Simon Ferry and the gap on Swindon’s right side

Alex Cooke looks at the tactics used against Walsall and how far Kevin MacDonald has to go to change how Town play.

“I didn’t play well, I don’t know why – I just didn’t.” At first Simon Ferry’s post-Walsall protestations sound odd. After all, it was obvious to most people in the County Ground that his new right wing position, and Kevin MacDonald’s new shape and style left Swindon slightly disjointed – and yet the team didn’t do much which was obviously wrong.

So we can understand what Ferry means: he supported the front pair, he linked play, and he scored.
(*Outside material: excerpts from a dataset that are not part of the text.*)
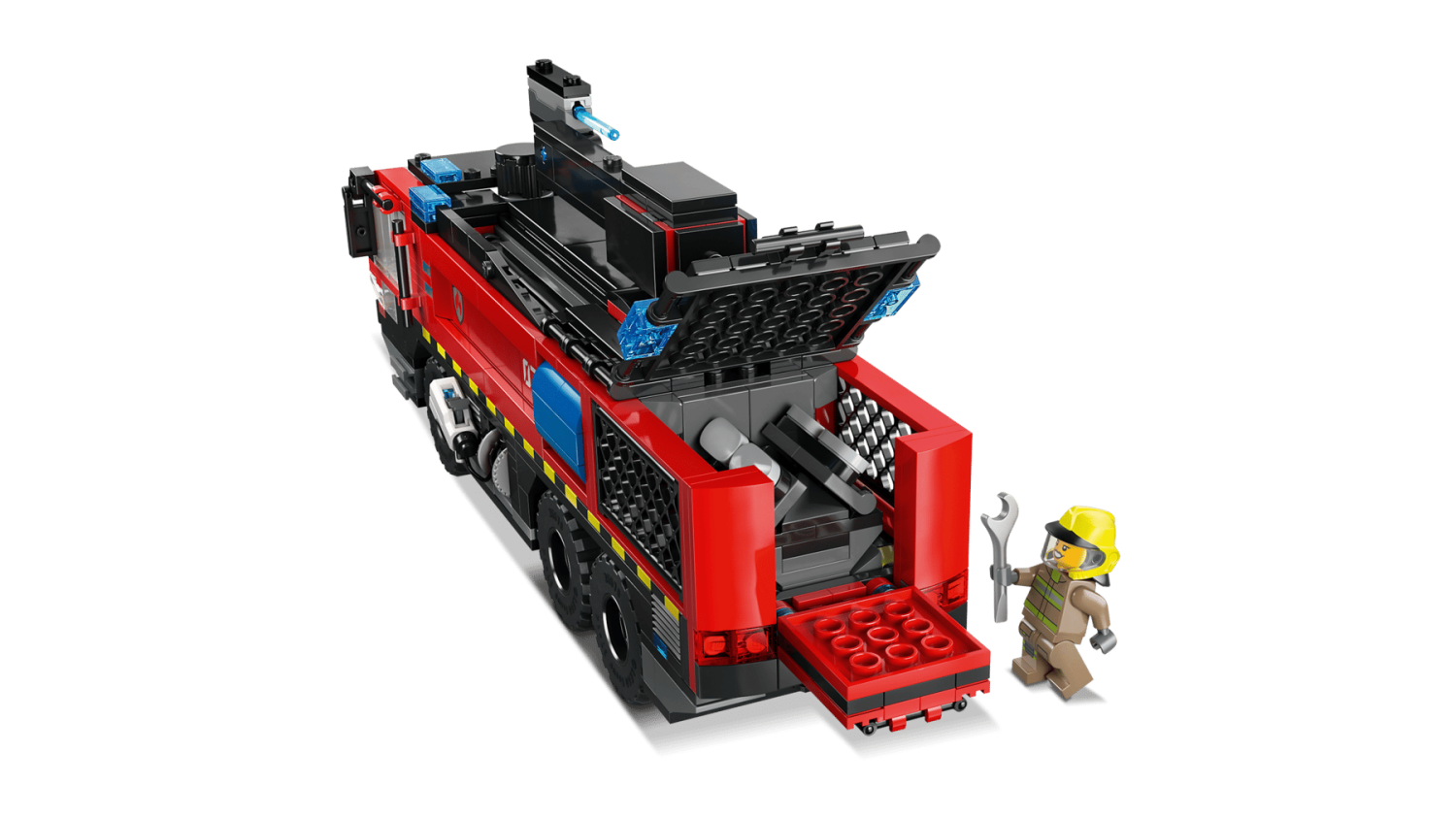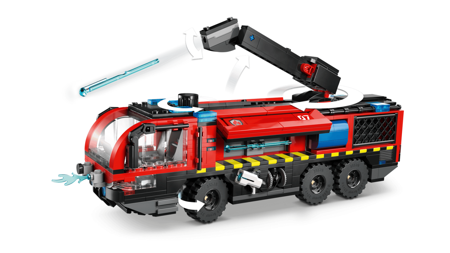 Barn kan sätta de 4 brandmansminifigurerna i cockpiten, vrida på ratten för att styra, spruta vattendelar och ta loss motorn för roliga reparationsuppdrag. Setet stimulerar kreativ och handgriplig lek.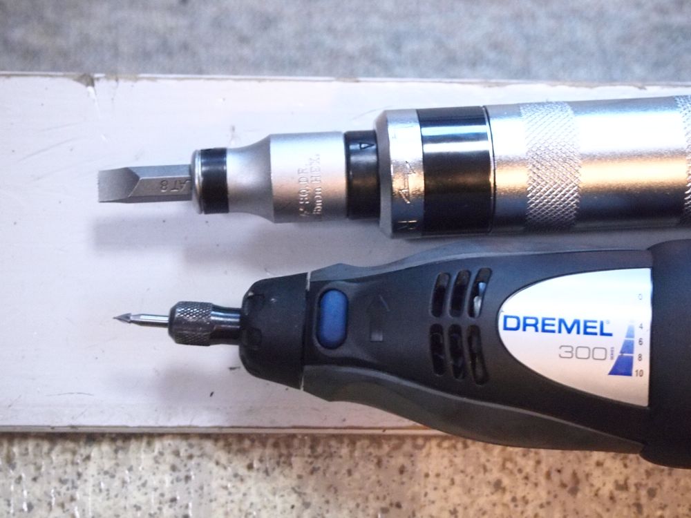 で、リューターでマイナスの一番大きいビットがはまるように切り込みを入れ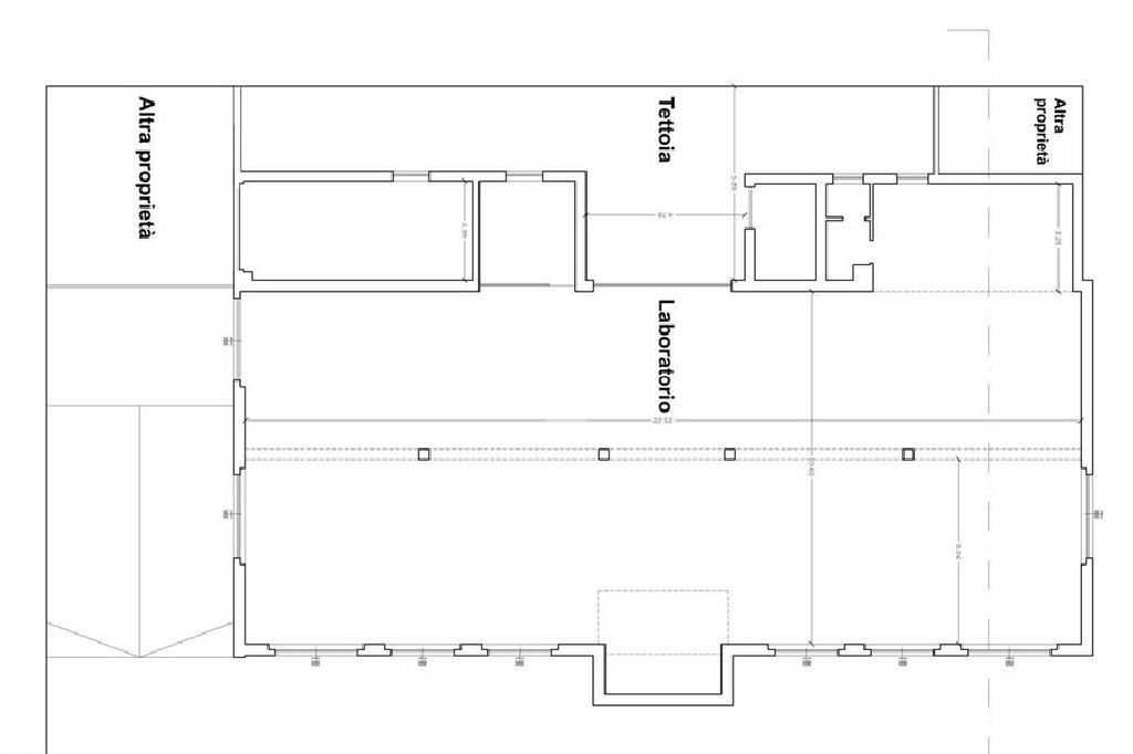 Posto al piano seminterrato l'immobile originale all'epoca di costruzione presenta una zona esterna attualmente coperta da tettoie, inoltre la struttura è libera parzialmente da due lati per la presenza delle rampe per l'accesso carraio. Pavimento in cemento.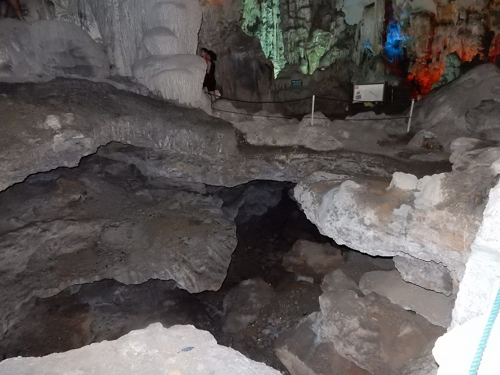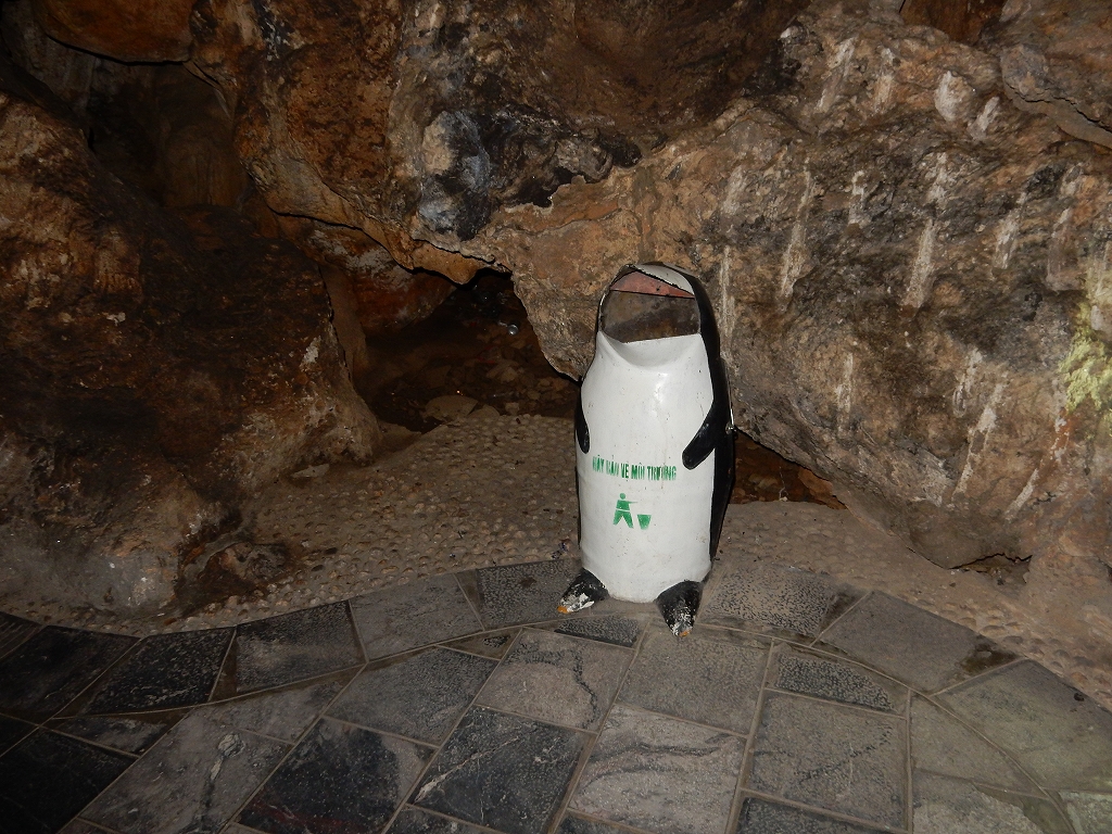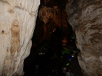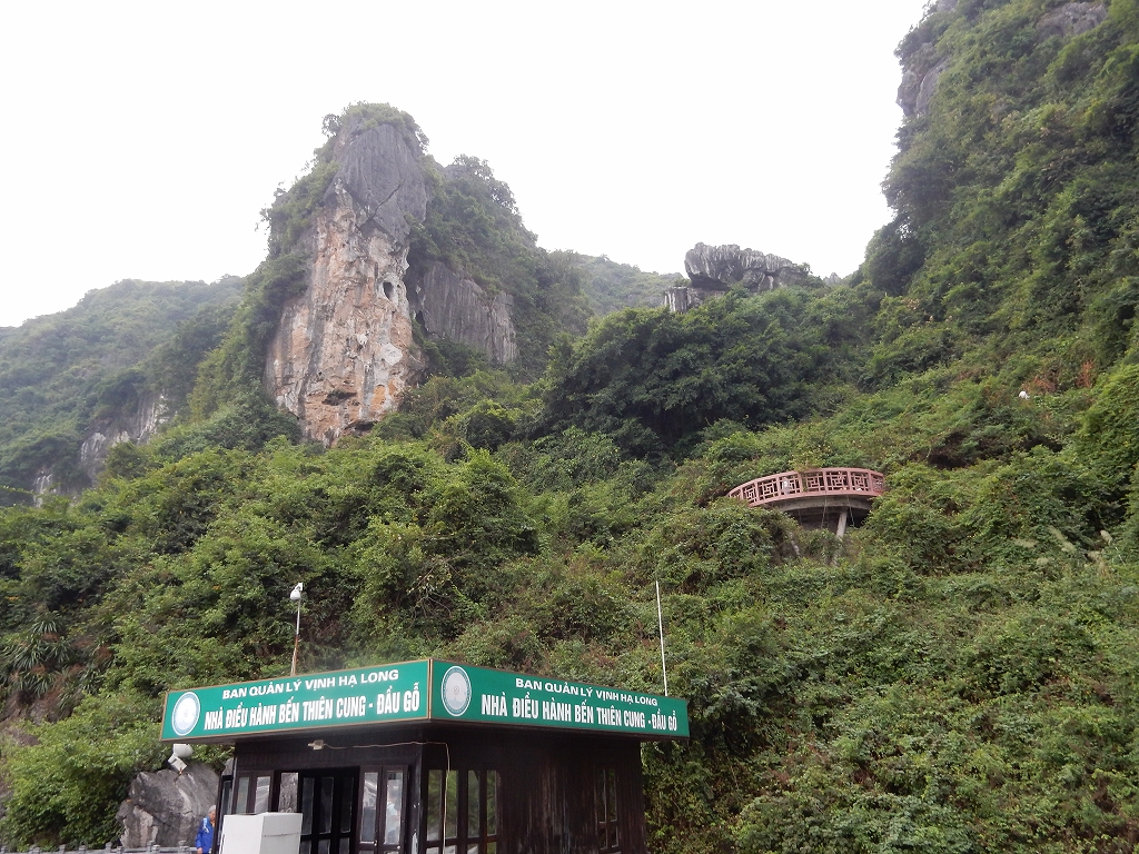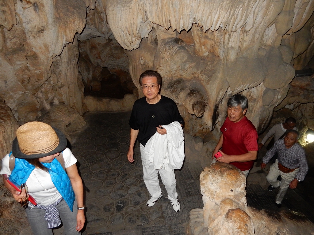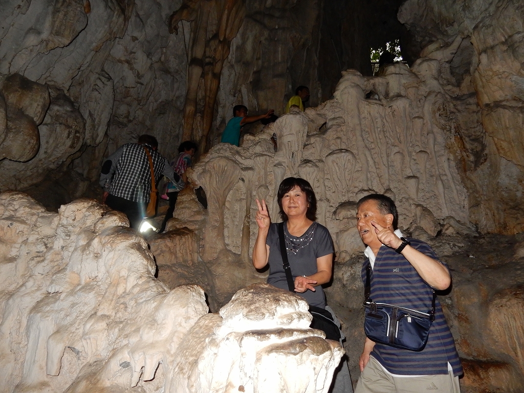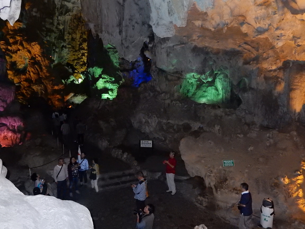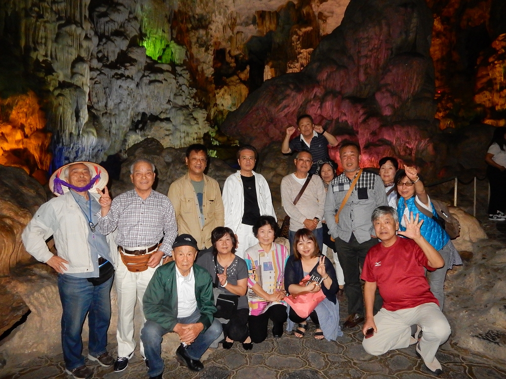 | 「世界遺産ティエンクン鍾乳洞」 ティエンクン洞は、ダウゴー島にある鍾乳洞で、天宮の意味がある。 ハロン湾に点在する鍾乳洞の中で、クルーズで立ち寄る最もポピュラーな鍾乳洞。 鍾乳洞の内部は高さ20m、幅10mほどでさほど広くはないが青や緑などにライトアップされいて幻想的な世界。 階段やフットライトで整備され内部は歩きやすくなっているが湿度が高く蒸し暑い。 ユニークな名前がついた鍾乳石や石筍がある。 |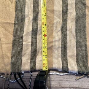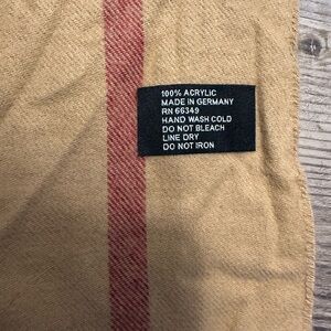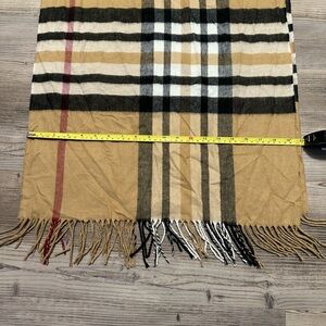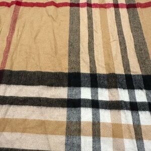 Elegant tan scarf with a classic plaid pattern. Features red, black, and white stripes. Perfect for any outfit.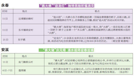 另外,9日至10日,界山鎮(zhèn)河陽村將舉行大鼓隊巡回表演。14日,界山鎮(zhèn)鳩林村將舉行廻龍燈游燈活動。 (蘇凱芳)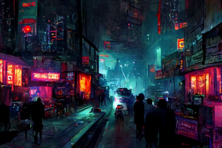 Вдохновлялась игрой Cyberpunk 2077. Переулки ночного города будущего.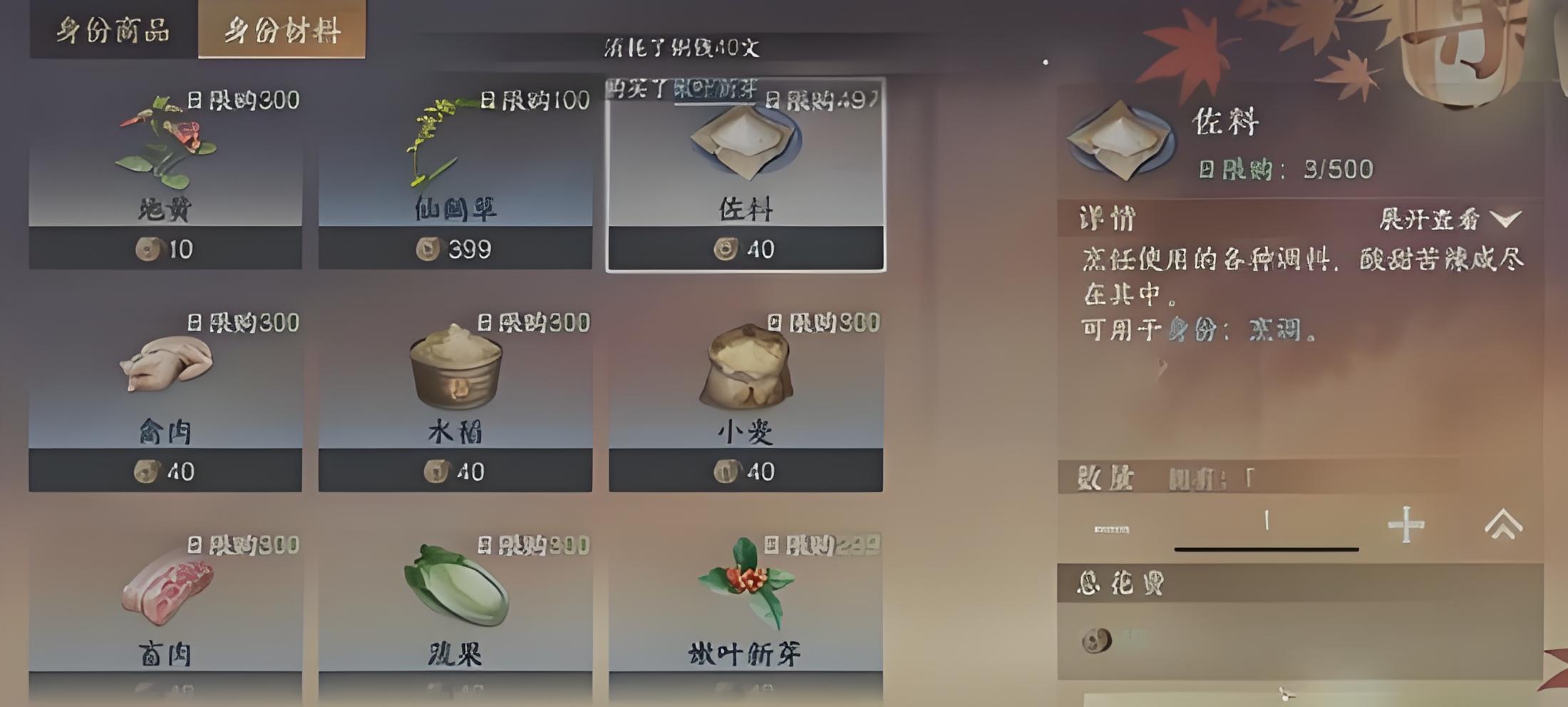 2、籌備必備食材,核心食材為一份小麥,調味料需三份作料,食材需通過對應渠道收集,確保數量達標再啟動烹飪。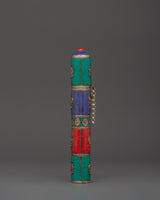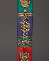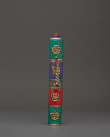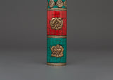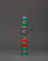 Enhance meditation and spiritual activities with our Auspicious Symbol Incense Holder - Handcrafted Tibetan Brass Burner. This incense holder, made of brass with copper accents, is artistically fashioned with auspicious symbols representing blessings, protection, and spiritual harmony. The colorful artificial stones of coral and turquoise lend a sense of traditional Himalayan style. This incense holder is stylish and useful, measuring 22cm high and 3.5cm wide and weighing 0.16 kilogram. It emits peaceful scents and represents good fortune and positive energy, making it ideal for meditation, yoga, spiritual ceremonies, and mindfulness practices. Its small size and intricate craftsmanship make it a perfect complement to any altar, yoga area, or home decor collection.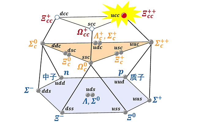 两个粲夸克和一个上夸克组成的双粲重子示意图。

But he also left Nathan Thompson exposed defensively and the team’s shape started to become baggy as possession was surrendered and players drifted out of position.

It is easy to make too much drama out of the right and wrongs of formations and tactics, primarily because judging them is performed through the prism of results – and a significant unknown – how individuals carried out their given instructions.

So in this game, Swindon played a lopsided system with Ferry slotting into the right-sided midfield birth of a 442, but only when defending. On the attack, he became an attacking midfielder, lurking behind the front pair. There he sat ‘between the lines’ seemingly ready to slip the ball between full-back and centre-back, or become an extra body when the ball went into the box.

Which is exactly what he did, for the first ten minutes when Town controlled possession. When the contest became more even, he started to hover between these positions, perhaps unsure of his ability to cover the flank and attack.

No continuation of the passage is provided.